__Recorded data__
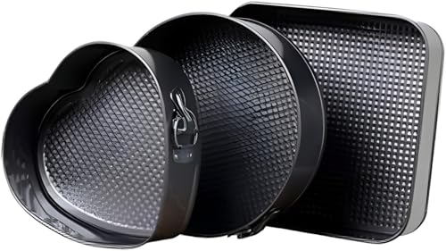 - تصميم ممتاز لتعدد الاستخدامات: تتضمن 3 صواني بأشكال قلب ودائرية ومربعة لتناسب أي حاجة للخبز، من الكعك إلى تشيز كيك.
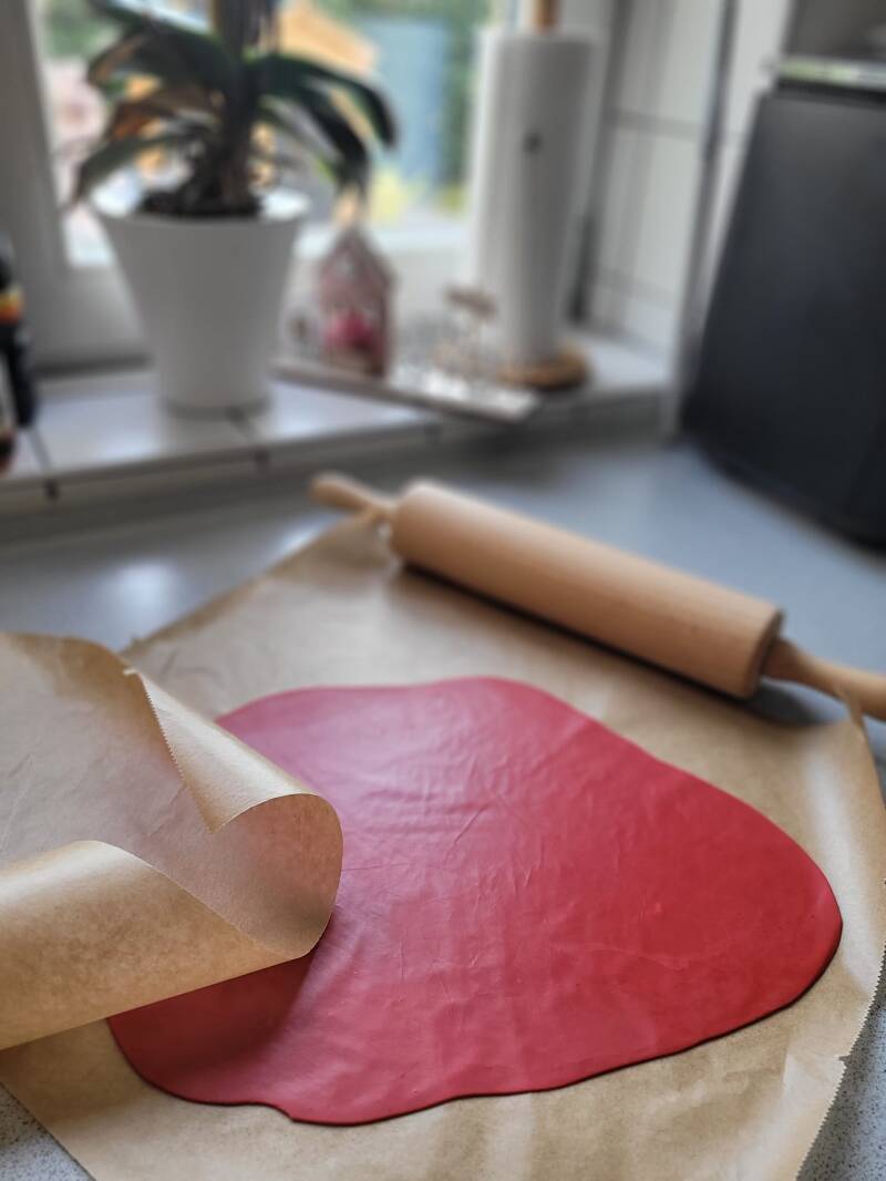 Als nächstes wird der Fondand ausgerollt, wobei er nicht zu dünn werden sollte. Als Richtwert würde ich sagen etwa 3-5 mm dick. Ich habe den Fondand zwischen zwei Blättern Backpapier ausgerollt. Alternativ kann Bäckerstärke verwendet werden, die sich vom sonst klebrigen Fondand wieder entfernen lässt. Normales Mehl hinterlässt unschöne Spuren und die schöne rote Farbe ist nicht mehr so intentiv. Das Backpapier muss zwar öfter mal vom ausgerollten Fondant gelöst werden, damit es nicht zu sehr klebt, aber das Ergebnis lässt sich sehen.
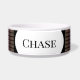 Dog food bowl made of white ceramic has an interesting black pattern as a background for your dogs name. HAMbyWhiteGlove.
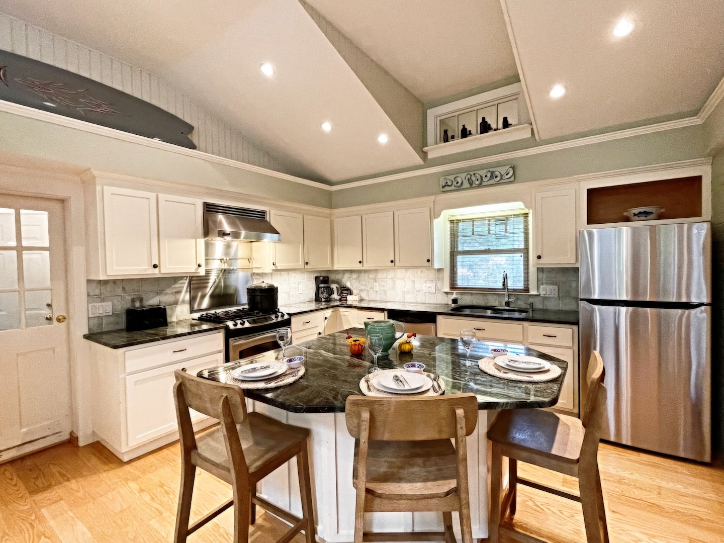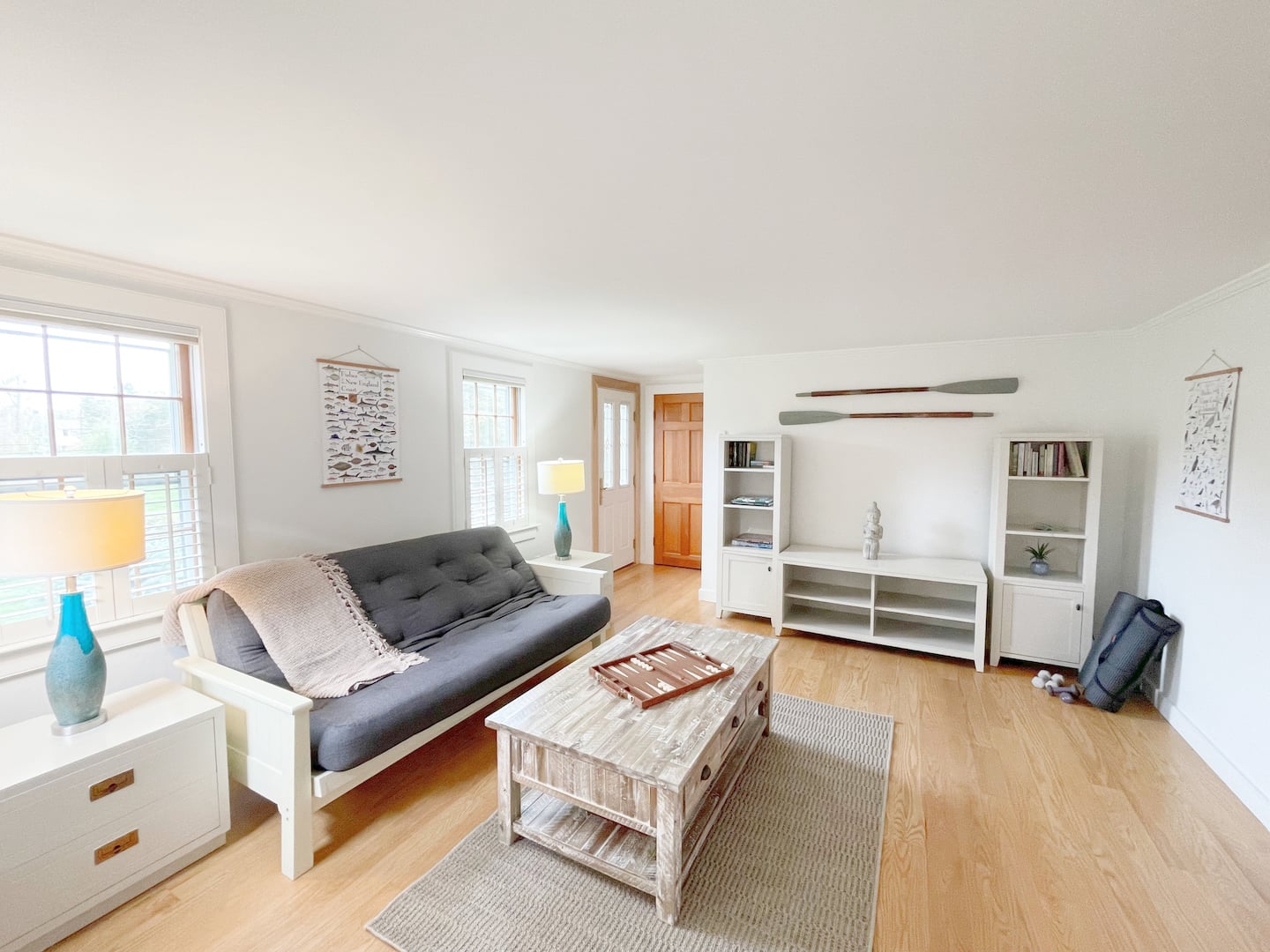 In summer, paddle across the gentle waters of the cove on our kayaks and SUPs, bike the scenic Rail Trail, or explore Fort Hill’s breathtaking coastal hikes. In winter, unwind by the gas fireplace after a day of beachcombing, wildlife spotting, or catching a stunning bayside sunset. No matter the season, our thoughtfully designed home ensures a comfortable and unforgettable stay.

__Assignment__
Would you reproduce the lines above, from the very first through the line containing "Als nächstes wird", exactly and without the pictures?

__Solution to this task__
 - تصميم ممتاز لتعدد الاستخدامات: تتضمن 3 صواني بأشكال قلب ودائرية ومربعة لتناسب أي حاجة للخبز، من الكعك إلى تشيز كيك.
 Als nächstes wird der Fondand ausgerollt, wobei er nicht zu dünn werden sollte. Als Richtwert würde ich sagen etwa 3-5 mm dick. Ich habe den Fondand zwischen zwei Blättern Backpapier ausgerollt. Alternativ kann Bäckerstärke verwendet werden, die sich vom sonst klebrigen Fondand wieder entfernen lässt. Normales Mehl hinterlässt unschöne Spuren und die schöne rote Farbe ist nicht mehr so intentiv. Das Backpapier muss zwar öfter mal vom ausgerollten Fondant gelöst werden, damit es nicht zu sehr klebt, aber das Ergebnis lässt sich sehen.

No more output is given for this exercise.